Last updateFri, 19 Jun 2020 7pm


Meet the Real-Life Cupid

Profile of Gary Lewandowski, Psychology Professor Who Specializes in Relationships

Real Life CupidValentine’s Day is quickly approaching and many people will be spending time with their boyfriends, girlfriends, finances, and spouses. But what draws us to these people?

Dr. Gary Lewandowski, psychology professor who specializes in relationships, studies just that. As an undergraduate, he studied at the University of Pennsylvania in Millersville, and moved on to the State University of New York at Stony Brook for graduate school.

Throughout his career, Lewandowski has been featured in many different press interviews, including CNN, The New York Times, Women’s Health, and Cosmopolitan.

Lewandowski’s studies are primarily based on relationships and the self, focusing on aspects of relationships that are healthy and beneficial to the individual. Handson research and experience are also a major part in his studies.

“My job is to be curious. My job is to ask questions. I get to ask these questions about relationships, and I have my own answers, and I get to see if those things are right,” he said. 

One of his main areas of research is the positive side to breakups. Lewandowski often observes examples of this study on our own campus.  “Former students who had me in class would learn about this research and later come up to me and say “Hey, Dr. L., I had a breakup, it was great,” he said. 

The students, Lewandowski said, are the most exciting part of what he does in his career. Getting to see his students be a part of his studies, whether it be through helping him co-write his papers or growing successfully in the relationships field independently, is most rewarding. The interaction with his students is also the reason he chose to teach.

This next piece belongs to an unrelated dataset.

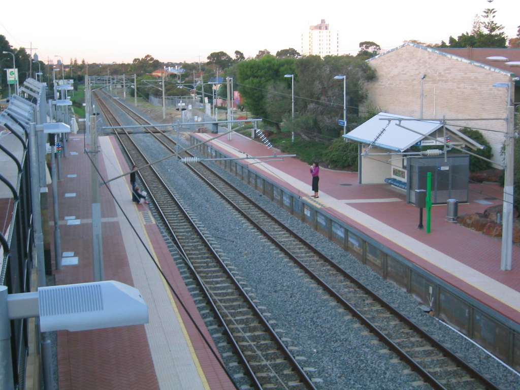 Transperth Swanbourne Train Station

Thus far, Lewandowski has been successful in achieving his career goals. Most recently was his website, The site makes other people’s research more accessible to the general public and has been running for nearly a year. Readers can ask questions and receive responses about the studies posted. “Something that’s really important to me is getting down under the ivory tower and making sure that the things that we’re doing really benefit people more directly,” he said. 

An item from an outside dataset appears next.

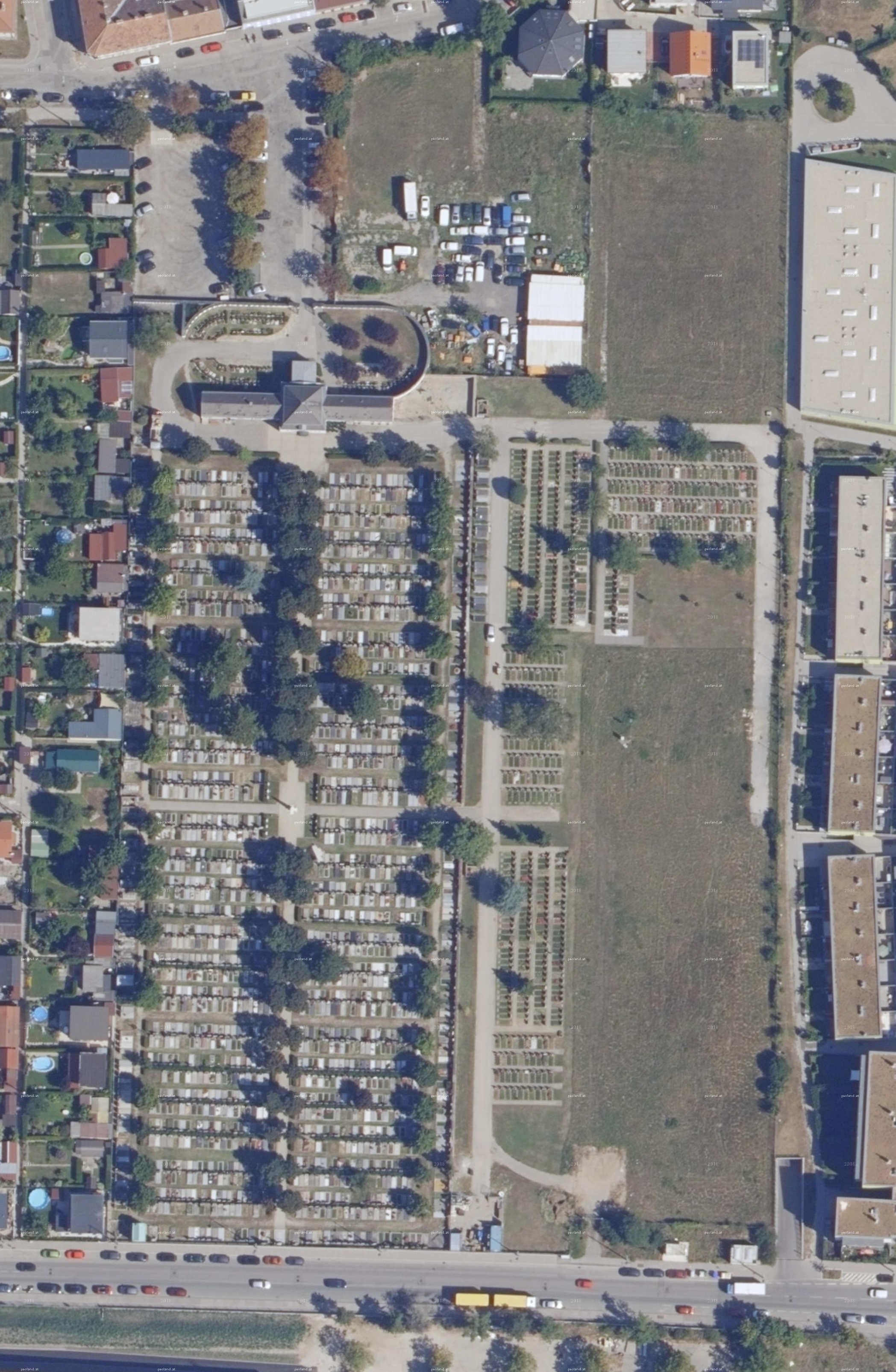 Orthophoto of the cemetery Atzgersdorf in Vienna, Austria

Another one of Lewandowski’s career goals is writing a textbook which he is currently in the process of. Also, his website features a book he coauthored called “The Science of Relationships: Answers to Your Questions about Dating, Marriage and Family.”

Along with teaching an intimate relationships class at the University, Lewandowski also teaches Experimental Methods in Psychology, Senior Thesis, Intro to Psychology, First Year Seminar, and Self-identity seminars. Lewandowski will also be giving a talk on the science of high quality relationships sponsored by the Psychology Club on February 13 at 7:30 pm. This will be held in Young Auditorium in Bey Hall.

Lewandowski said, “If you really want to believe somebody is meant for you, you’ll overlook some things. So I would say love is blind, it’s deaf, it’s a little dumb.”

And for those who are living away from their partners for the first time, Lewandowski offers a reason not to worry.

“There’s a lot of work that shows that long distance relationships in a lot of ways are better. You have to base your relationship more on the good stuff like strong elements of friendship, trust, and commitment.”

He also says that there are no telltale signs of when a relationship is headed downhill.

“Relationships should be overwhelmingly positive experiences. When it gets to the point where you’re having a hard time figuring out if this is a really good thing, that’s a pretty strong sign that your relationship is shaky. Particularly in a college relationship, you should have an abundance of good experiences. You don’t have some of the stresses that long-term relationships have and there is plenty of other potential partners around,” said Lewandowski.

But as Lewandowski is a relationship optimist, he leaves young couples a few tips for this Valentine’s Day.

“There’s nothing special about diamonds and things and stuff. Stuff doesn’t matter. Valentine’s Day is an arbitrary day, but it is an arbitrary day that’s your chance to reaffirm how you feel about your partner. Really, you should make every day Valentine’s Day.”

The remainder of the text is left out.